Since January, youth who participate in the Employment Training Program at Devereux Pennsylvania Children’s Intellectual and Developmental Disabilities Services (CIDDS) Learning Center have been growing lettuce in a vertical farming unit called a “Flex Farm” that is on loan from Fluxspace, a Pennsylvania-based educational consultant.
“Teaching youth about hydroponic farming has been a great addition to our Employment Training Program,” said Devereux Pennsylvania CIDDS Learning Center Education Director Susan Nice, MSW. “Students are learning where food comes from and how to grow it. Our individuals are involved in the process every step of the way, and are filled with a sense of pride and accomplishment when they get to see – and eat – the fruits of their labor.”
Cultivating new skills
By participating in hydroponic farming, students are acquiring valuable job, life and social skills.
“Our youth are fully engaged in the process – they help set up the farming unit; plant lettuce seeds; complete weekly chemical and maintenance checks; and harvest the produce,” explained Devereux Pennsylvania CIDDS Learning Center Employment Training and Transition Coordinator Ladislao Buljevich, M.A. “Through these tasks, they are gaining functional skills, such as learning how to read measurements and numbers, use a calendar and tell time. In addition, they are discovering the importance of teamwork and following directions, as well as nutrition and maintaining a healthy diet.”

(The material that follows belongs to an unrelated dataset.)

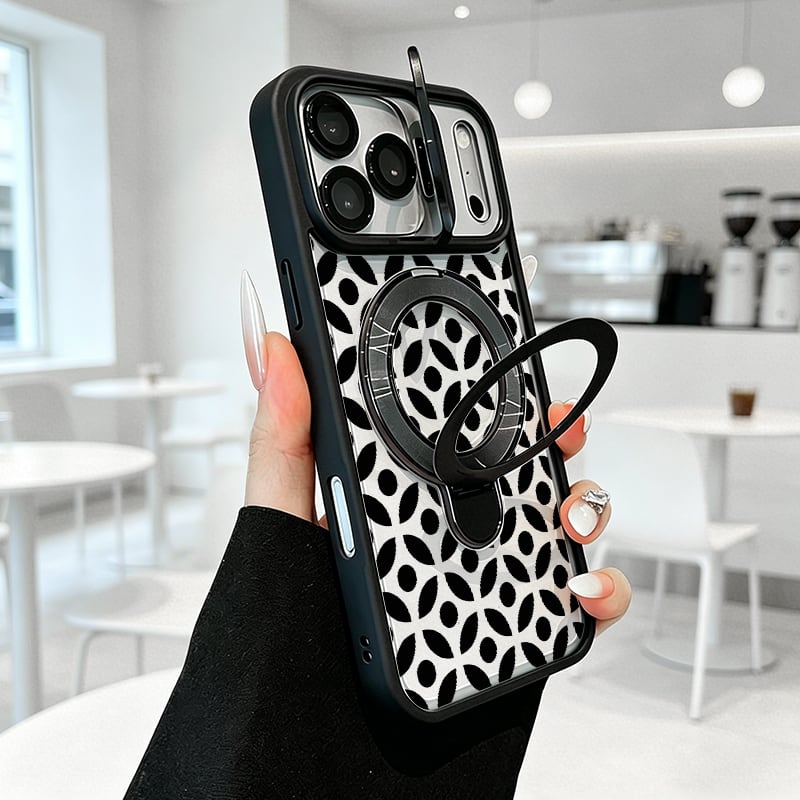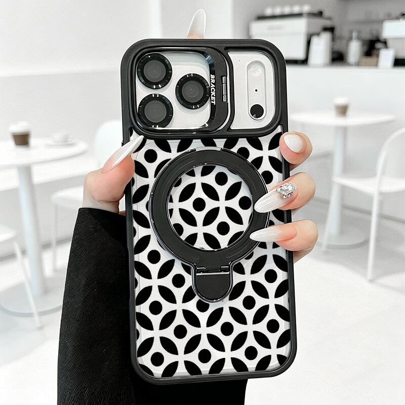 【国内発送】幾何学モノトーン総柄 iPhone 17 16 15 14 13 Pro Max スマホケース iPhone 17e 16eケース 高級感デザインプリント多機能ダブルスタンド搭載Magsafe背面クリアケース

Fluxspace Director of Innovation Ryne Anthony also noted, “Organizations like Devereux are using the Flex Farm to provide engaging, hands-on, authentic science, technology, engineering and mathematics (STEM) learning experiences in classrooms, libraries, STEM labs, cafeterias, and more. With its ease of use and the accompanying curriculum, the Flex Farm allows students to experience many different interdisciplinary topics, such as sustainability, water quality, plant science, math and entrepreneurship. It is a true transformative learning experience where students become ‘problem solvers,’ using an innovative hydroponics system to grow sustainable, fresh food to feed their local communities. This experience provides students with a sense of ownership, something to be proud of, and something to get excited about.”
From farm to table
Buljevich says hydroponic lettuce grows from seed to harvest in about five to six weeks, and the lettuce the students have grown throughout the year has been put to good use.